# 675 Cut Off Trees for Golf Event

## 675 Cut Off Trees for Golf Event

## 1. Question

You are asked to cut off trees in a forest for a golf event. The forest is represented as a non-negative 2D map, in this map:

1. `0`represents the`obstacle`can't be reached.
2. `1`represents the`ground`can be walked through.
3. `The place with number bigger than 1`represents a`tree`

   can be walked through, and this positive number represents the tree's height.

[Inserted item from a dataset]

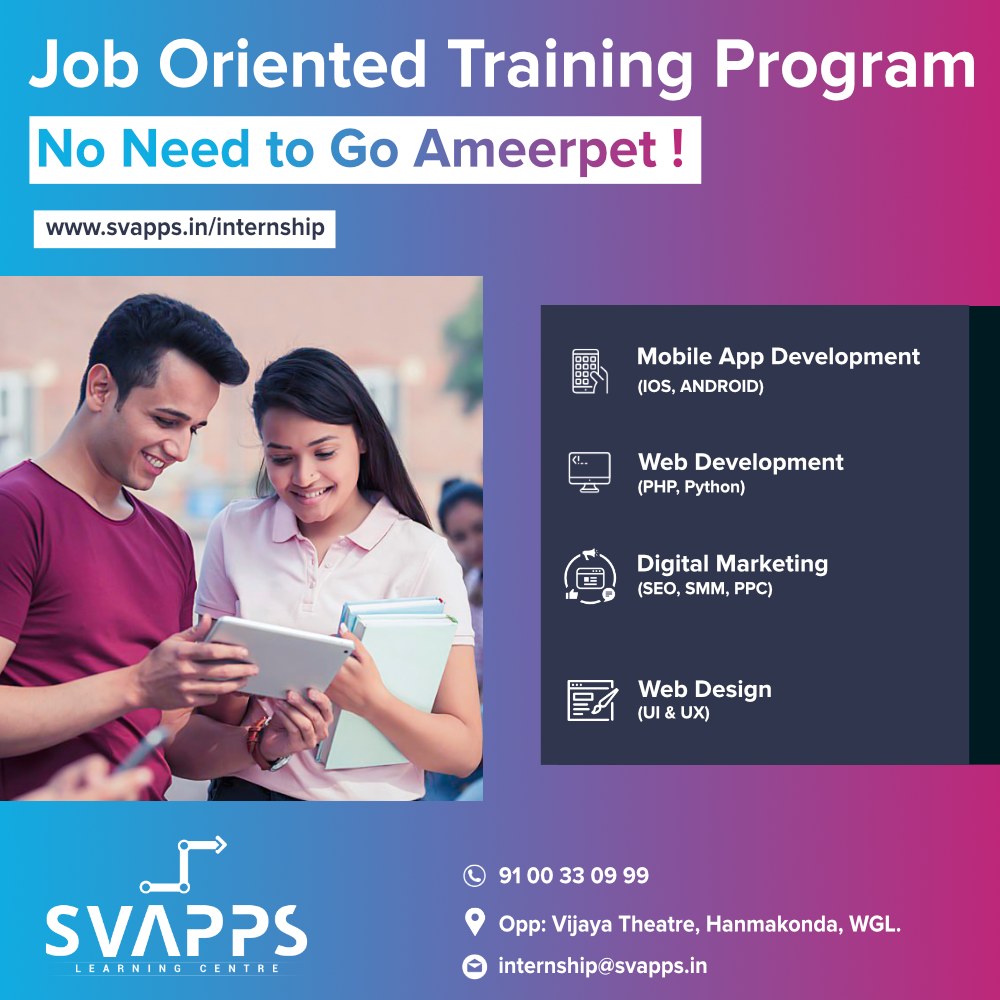 SVAPPS Specializes in Best Professional Web Designing , Web Development , Best Digital Marketing, SEO Company, Mobile App Development, IOS Application Development , Android Development,in Warangal, Hyderabad, USA https://svapps.in/internship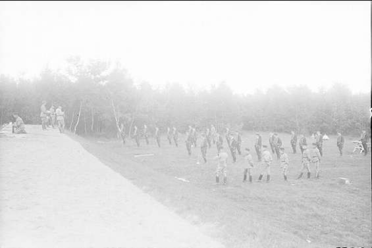 Skjututbildning med 4. skv på skjutbanan nedanför Alphyddan (Billingehus). Ett befäl i m/23, truppen i m/ä och m/10. De i m/10 hade mössa m/ä.

You are asked to cut off **all** the trees in this forest in the order of tree's height - always cut off the tree with lowest height first. And after cutting, the original place has the tree will become a grass (value 1).

You will start from the point (0, 0) and you should output the minimum steps **you need to walk** to cut off all the trees. If you can't cut off all the trees, output -1 in that situation.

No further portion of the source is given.